Saved entries
★ ★ ★

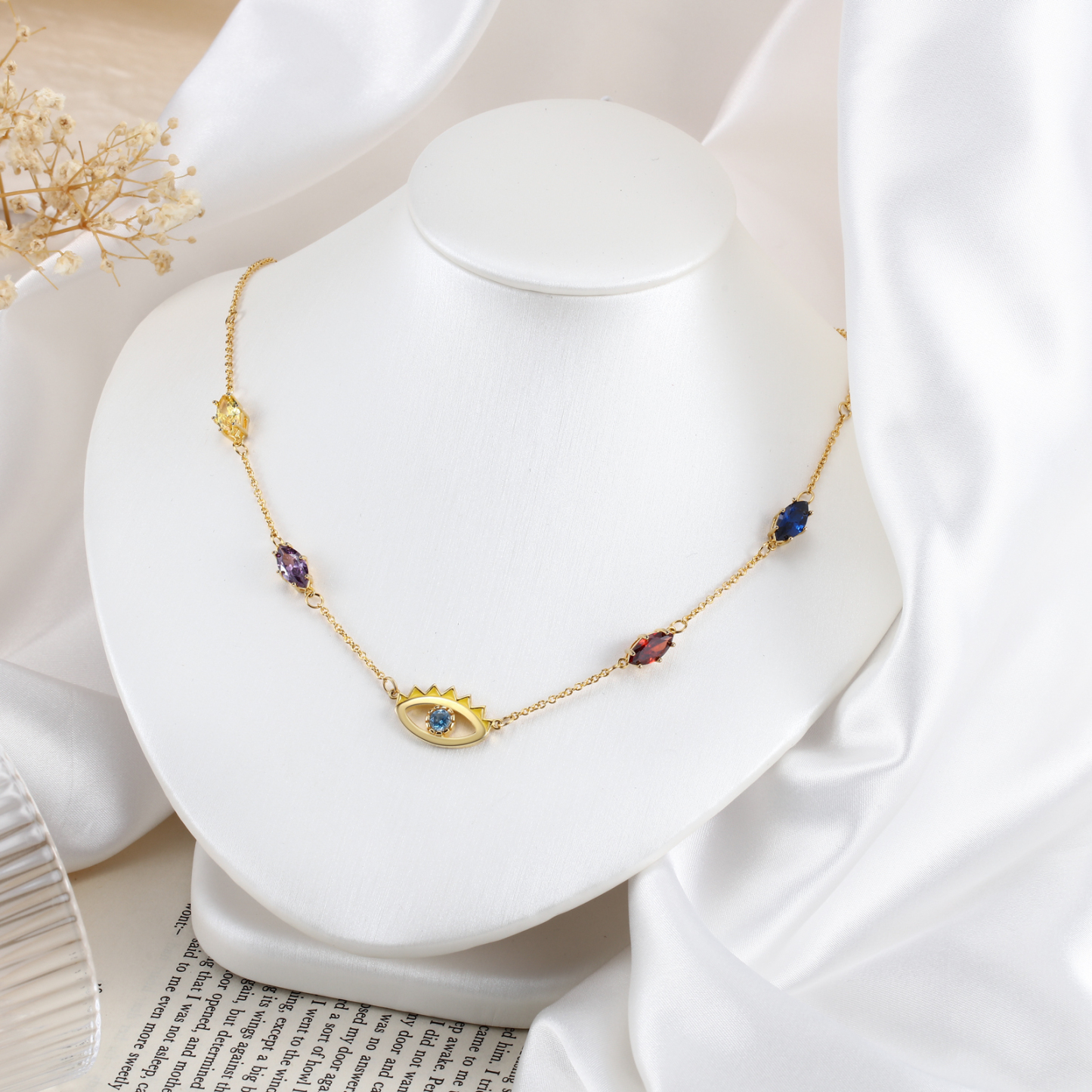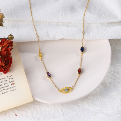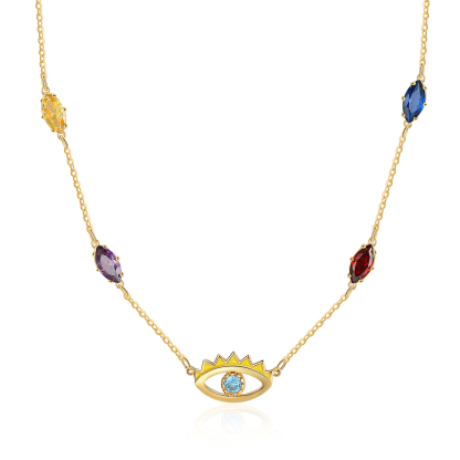 Personalized Evil Eye Necklace Custom 5 Birthstones Necklace for Her
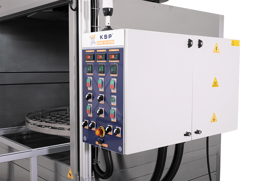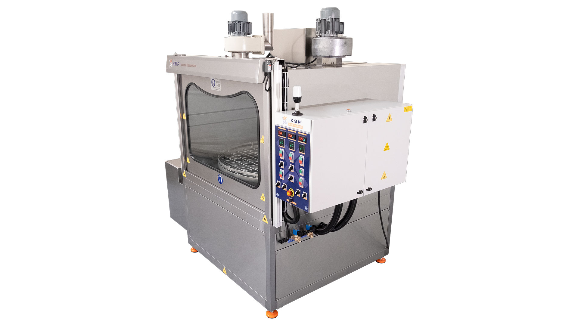 Developed by KSP Machine, the Purge XLarge Series Rotary Basket Washing System delivers high-quality cleaning by washing parts in a rotating basket with high-pressure detergent water inside a closed cabin. Its recirculation system and advanced filtration technology ensure efficient use of water, detergent, and energy, providing a reliable solution for cleaning dirt, oil, and chips before ultrasonic washing, painting, or surface treatment.
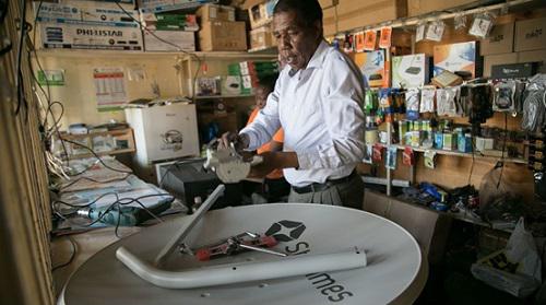 肯尼亞卡賈多的四達(dá)時(shí)代集團(tuán)銷售人員。(美國(guó)《洛杉磯時(shí)報(bào)》網(wǎng)站)
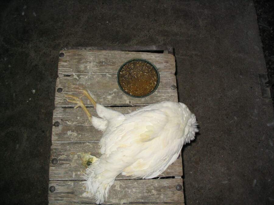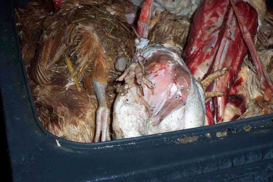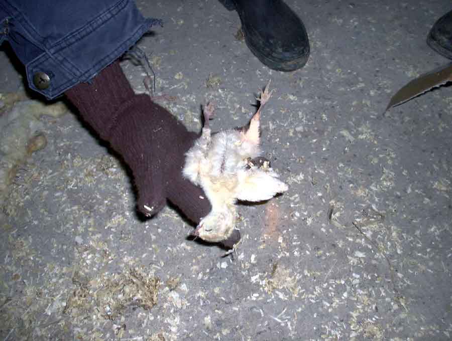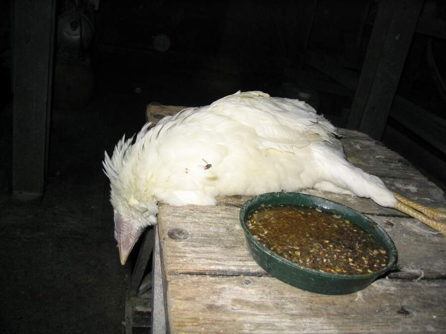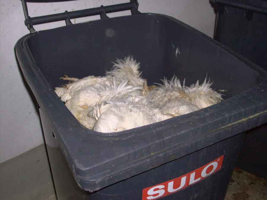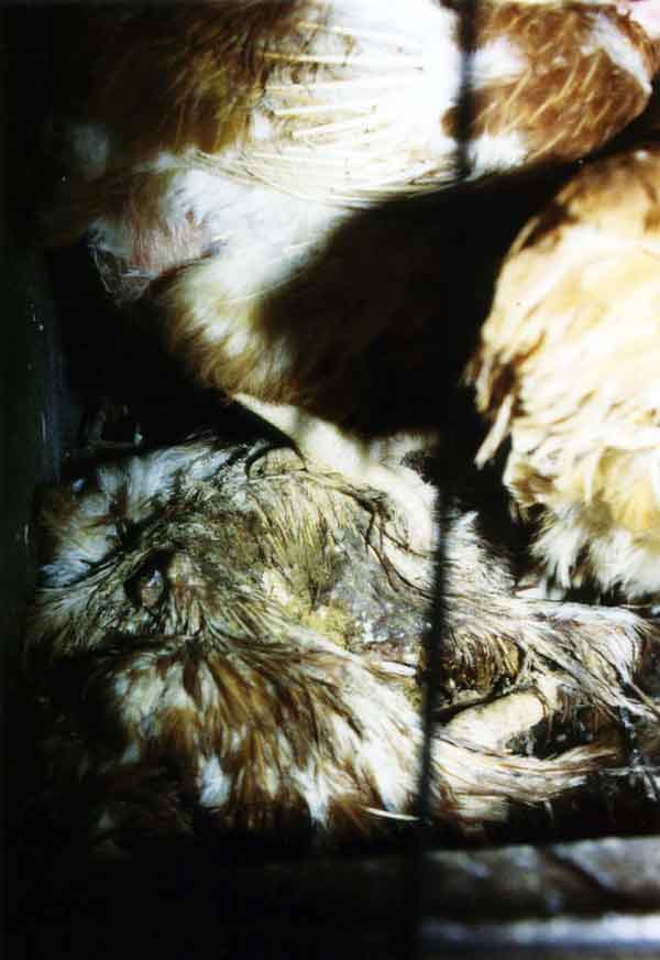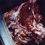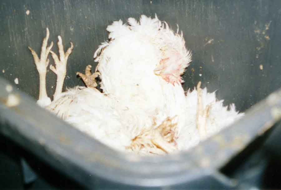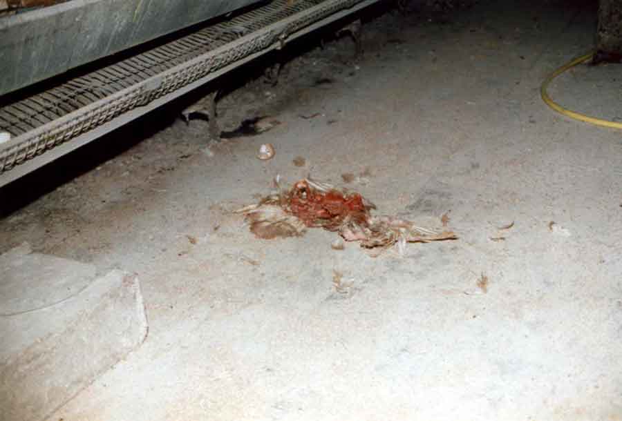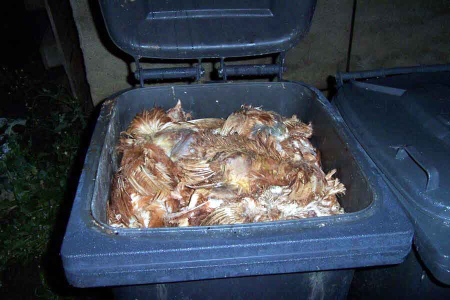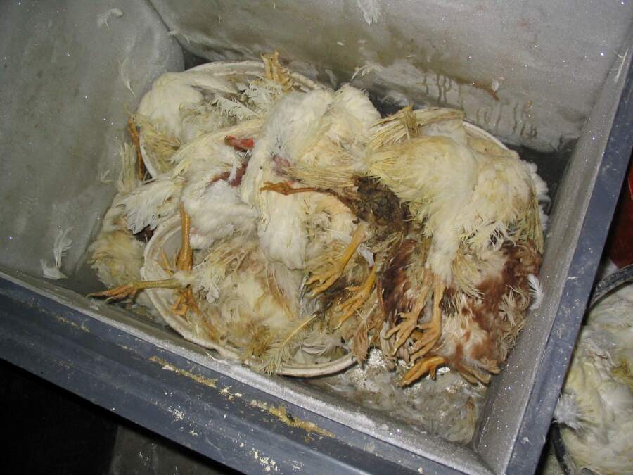 | Überlebt ein Huhn nicht, stehen die anderen im Käfig auf seiner verwesenden Leiche, bis diese nach einigen Tagen herausgenommen wird und mit den anderen toten im Müll landet. | Dieses Huhn starb in der Batterie und endete im Müllcontainer. | Dieses Huhn entkam (vermutlich beim Entfernen einer Leiche) und starb in der Kotgrube. | Oft entkommen (beispielsweise wenn Leichen aus den Käfigen entfernt werden) Hühner, die dann in den Gängen sterben (hier dokumentiert bei einer Aktion im August 2000). Ein Huhn (Bild rechts) wurde bei der Aktion noch lebend neben der Leiche sitzend gefunden, es gelang, es einzufangen und so (mit anderen, die aus den Käfigen befreit wurden) zu retten. | Hier eine von zwei Leichen in den Gängen einer anderen Batterie, Januar 2001. Weitere Bilder in der Rubrik Tierbefreiung, außerdem eine Pressemitteilung zu den verdurstenden Hühnern. | Mülltonnen einer kombinierten Legebatterie- und Mastanlage (deutlich auf einem Bild inmitten der Organe zu erkennen die (ungelegten) Eier (noch ohne Schale und Eiklar). | Nicht nur in Legebatterien, sondern auch in anderen Hennenhaltungen sterben täglich unzählige Tiere. | Eine "Aufzuchtanlage", in der Hennen nach dem Schlüpfen etwa drei Monate verbringen, bis sie beginnen Eier zu legen, näheres siehe Pressemitteilung. Weitere Bilder in der Rubrik Befreiungen. Hier liegt ein totes Huhn auf einem Tisch im Gang zwischen den Käfigreihen. In den linken Bildern deutlich zu sehen die Staubpartikel, die das Tragen von Atemschutz erforderlich machen, sowie rechts einige der zahllosen Insekten. | Außerhalb der Anlage stehen üblicherweise Mülltonnen, in denen die Tiere, die die Bedingungen nicht überleben, enden. Diese waren aufgrund des heißen Sommers jedoch leer, stattdessen war eine Kühltruhe voller Leichen aufgestellt. | Gut einen Monat später war nicht nur die Kühltruhe voll, auch in den Mülltonnen befanden sich wieder Leichen. | Auch durch die Mast sterben Tiere, hier Gänse - viele schon als Kücken. | Etwa eine Woche alte Truthuhnkücken in der Masthalle. Näheres zu der Aktion, bei der diese und die beiden folgenden Bilder (sowie weitere Bilder von der Befreiung) entstanden, in der Presseerklärung. | Ein etwa zwei Monate altes Truthuhnkücken, tot in der Vorhalle der Putenmast. | Forellenleichen. Bilder eines Aquariums in der Kleinmarkthalle in der Rubrik "Fische". | Leichen verschiedener Fische, u.a. ein Seeteufel (engl. Monkfish, frz. Lotte), dem der Kopf eines anderen in den Mund gesteckt wurde, zusammen mit einer Zitrone und Petersilie. | Leichen verschiedener Meeresbewohner, u.a. Oktopusse, Garnelen und Langusten. | Kaninchenleichen. | Tauben, Wachteln und sogenannte "Flugenten". | Jagdopfer: Fasane. | Füße von Kälbern und Lämmern, Köpfe und Mägen von Lämmern. | Gehirne von Schafen. | Passend dazu das Gewürz und eine Plastikfigur eines Lamms. | Leichen, vermutlich von Schafen. | Kopf eines Schweins. | Weitere Bilder von Leichen bei Auslegeaktionen und den Vorbereitungen dazu. | Geköpfte Leiche eines Lamms, Teil eines Hinterbeins eines Kalbs im Karlsruher Schlachthof. | Überreste von Jagdopfern in einer Bodengrube nahe einem Hochsitz, an dem Tiere gekirrt (mit Nahrung angelockt) werden. | Opfer (auch) der Milchtrinker und Käsefresser | In einem Leichentransporter. | Ferkel in einer Mülltonne vor einer "Aufzuchtanlage". | Leichen vor einer "Mastanlage". | ||||||||||||||||||||||||||||||||||
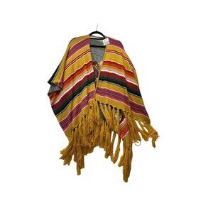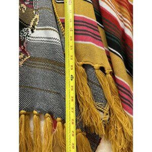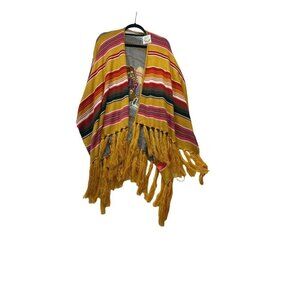 Serape Poncho Cow Skull Print W/ Fringe OS Mustard Pink Stripe Boho NWT
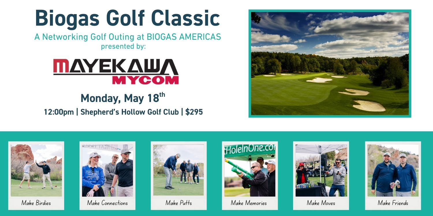 The Biogas Golf Classic presented by Mayekawa is a laid-back golf outing built around networking, fun, and a cold drink or two. Golfers of all skill levels are welcome. And whether you’re chasing birdies or chasing your ball in the woods, this is the perfect way to meet fellow biogas professionals before the conference begins.

★ ★ ★

Print exactly the lines from the first line of the records above through the line containing "肯尼亞卡賈多的四達(dá)時", leaving out the pictures.

> **Response for this exercise**:
 Personalized Evil Eye Necklace Custom 5 Birthstones Necklace for Her
 Developed by KSP Machine, the Purge XLarge Series Rotary Basket Washing System delivers high-quality cleaning by washing parts in a rotating basket with high-pressure detergent water inside a closed cabin. Its recirculation system and advanced filtration technology ensure efficient use of water, detergent, and energy, providing a reliable solution for cleaning dirt, oil, and chips before ultrasonic washing, painting, or surface treatment.
 肯尼亞卡賈多的四達(dá)時(shí)代集團(tuán)銷售人員。(美國(guó)《洛杉磯時(shí)報(bào)》網(wǎng)站)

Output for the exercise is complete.